U.S. President Donald Trump hit out at Mexico on Friday, accusing the country of not doing enough to stop MS-13 gang members from crossing the border.
The president said that while MS-13 gang members are being removed by Immigration and Customs Enforcement (ICE) and Border Patrol agents "by the thousands," the "killers" are re-entering the U.S. from Mexico and El Salvador "like water."
"Mexico must help more with this problem," Trump said in a tweet. "We need The Wall," he added, once again pushing for his long-proposed border wall, which he has repeatedly claimed he will force Mexico to fund.
While the U.S. leader called on Mexico to do more to help with border control, he said El Salvador "just takes our money."
Trump's comments come just a day after he said he was considering pulling ICE agents out of California, claiming the state has provided "no help" in removing MS-13 gang members.
The gang, also known as Mara Salvatrucha, started in Los Angeles, California, in the 1980s among predominantly Salvadoran immigrants.
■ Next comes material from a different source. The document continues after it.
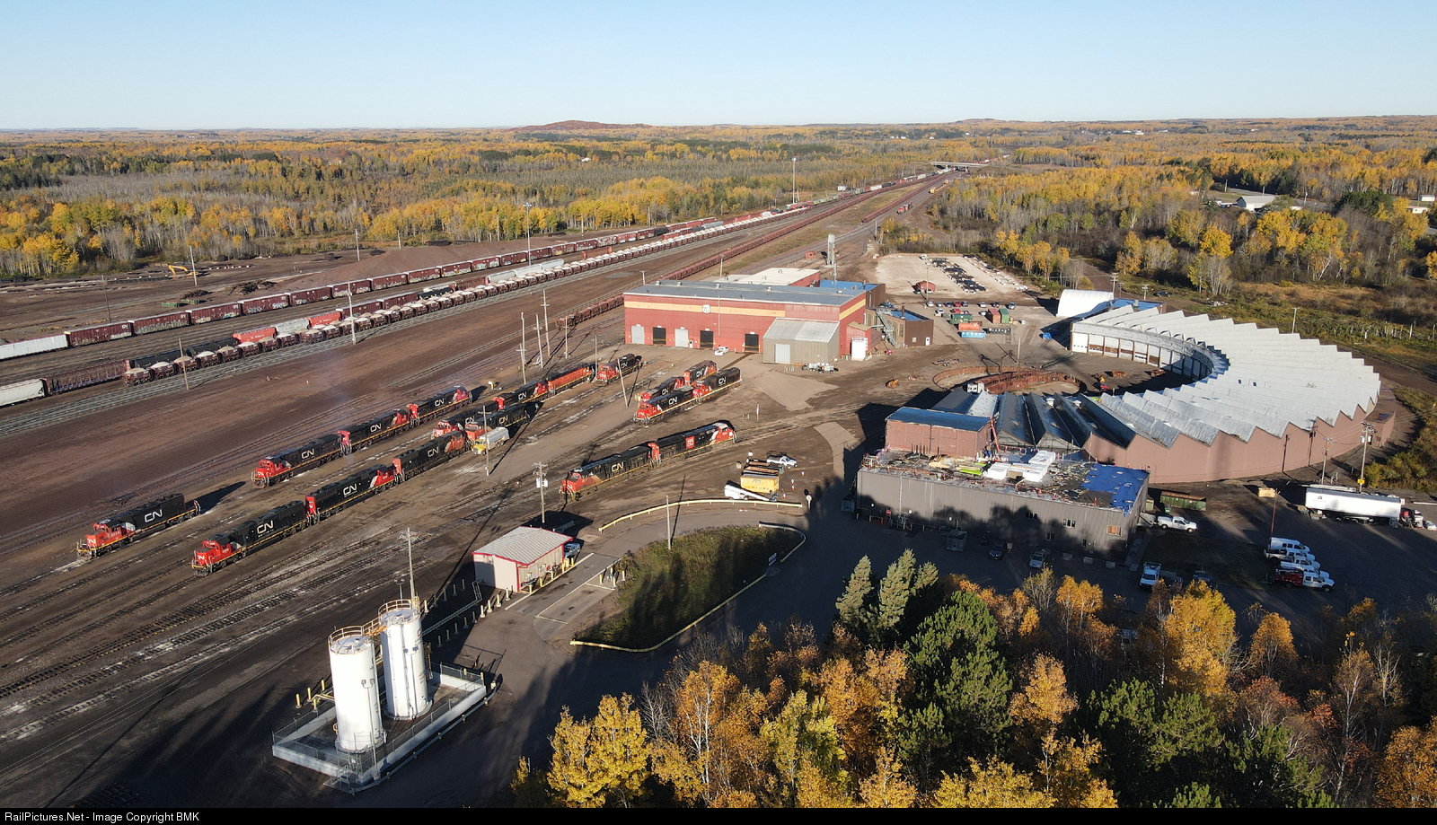 A birds eye view of the Proctor shop and round house along with peak fall colors in Proctor Minnesota.

Its members have been behind dozens of brutal killings throughout the U.S.
The Trump administration has made it a priority to crack down on the gang's members in the U.S., vowing last year to "eradicate" MS-13.
While Trump claimed in his tweet that ICE has removed MS-13 members "by the thousands," ICE said it arrested only 796 people belonging to the gang in the 2017 fiscal year. However, critics have suggested that number may be much lower, accusing agents of inflating that number by wrongfully arresting people who have no gang affiliation.
MS-13 gang members are being removed by our Great ICE and Border Patrol Agents by the thousands, but these killers come back in from El Salvador, and through Mexico, like water. El Salvador just takes our money, and Mexico must help MORE with this problem. We need The Wall!— Donald J. Trump (@realDonaldTrump) February 23, 2018
The president's comments about El Salvador come as hundreds of thousands of immigrants from the country face deportation.
The Department of Homeland Security recently announced the termination of Temporary Protected Status (TPS) for as many as 200,000 El Salvadorans with deep ties to the U.S., despite warnings from the country that the return of hundreds of thousands of nationals would be destabilizing.
According to research from the Centre of Migration Studies in New York, 88 percent of Salvadoran TPS beneficiaries work in the U.S., with large numbers owning homes in the country.